I think Skyrim alone has my agenda booked for a few years and I wish I was joking but I'm not.
It's hard if not impossible to review the game without comparing the game to its predecessor, Oblivion. And in many aspects the game feels and plays much like Oblivion 2.0 than a truly new game.
This doesn't need to be a negative comment however. Many stupid flaws like bandits pimped out in daedric armor has been removed, and turned into a more realistic way. This mostly due to a revamped levelling system. The game thankfully throws away number-crunching and instead opts for perks in the form of a stellar talent tree of sorts.
The graphics and animations are a much improvement, and gone are the outdated and dreadful faces from Oblivion. That is not to say that Skyrim is a next-gen game however. Graphically it's a very pretty game especially in its depiction of the wild northern wastelands. Unfortunately animation-wise melee still feels artifical and clunky. The game's incorporation of finishing blow cinematics helps that somewhat, especially on larger foes such as dragons but often it's not very seamless when it comes to normal foes.

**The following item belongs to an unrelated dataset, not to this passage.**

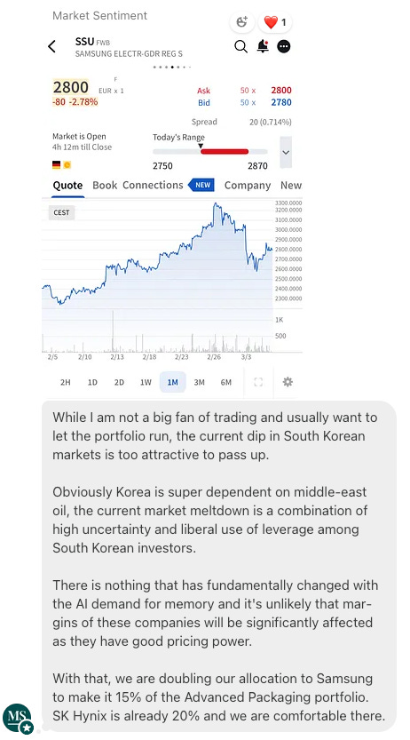 As discussed at the start, we already have significant positions in SK Hynix, Samsung, and Micron as part of our Advanced Packaging portfolio (Opened on Jan 30th).

Unfortunately what Skyrim does not succeed in improving from Oblivion, is its stupid AI and pathfinding. NPC's either have an IQ similar to that of Skyrim's temperature. or they were all dropped on their heads as an infant and then promptly used as some kind of Nordic basketball substitute. This is even worse if you manage to have a henchman. If you play as an archer they will invariably run in front of you to a point where an arrow magnet would drop to its knees for in worship. Half the time they will run away to fight some thing (god knows what) half the map away. At some point I noticed my companion Lydia had been absent the last few hours I played. Probably chasing some vampiric butterflies or a similarly retarded aberration of the mind.
To be honest your henchmen are so stupid that they only have one practical use: As a glorified mule to carry *my* dungeon swag.
And then of course there's the crashes, errors and the often-hilarious infamous Bethesda glitches. As mentioned before at some point I lost Lydia, and later I decided to have a go at marriage. I obtained the quest to attend my own wedding ceremony. Piece of cake I thought, and I set the waiting timer to 24 hours.
I was greeted by two men spawning at the door, with in their midst a naked woman's corpse: Lydia
"Honey, I can explain" I muttered to myself as I saw the dooming "You have failed the quest" dance in front of my eyes.
Luckily I was able to drag her corpse to a side-room, including a priest telling me "To stop that" during my blasphemous act, and try the wedding a second succesful time.
And then there's the character that got an arrow stuck in its head which was more relentless to remove than a hobo from an atm machine:
The game's biggest flaw though is its User Interface. A UI is supposed to be practical and intuitive. Those are exactly the values that Skyrim's UI is lacking. On the contrary it's clumsy and unresponsive. It's so bad that it becomes impossible at times to click on the right item in your inventory.
Another failure is how the game introduces "Favorites". They are like a custom skill bar except you need to press "Q" and then move your cursor to the right magic skill or item. This also pauses the game.
So, why not use a skill bar in the first place with an integrated hotkey ability?
Beats me.
Overall though Skyrim is a lovely and addictive game. Where Bethesda truly outshone itself in however is the complexity of Skyrim's open world. Skyrim is a northern landscape encompassing glaciers, vast white mountains and tundras. It's an immersive world that at this point can't be equalled by any other game. It's definately the best installment so far in the Elder Scrolls saga.
It's a game where you are encouraged to explore and investigate and be rewarded for that by finding new dungeons, a great amount to detail to Skyrim's beauty and the ability to create your own story.
Skyrim is a game where each gameplay is vast and unique. It's a game that even with its many flaws, and at times even thanks to its flaws, is a game of beauty, unrivalled in its genre.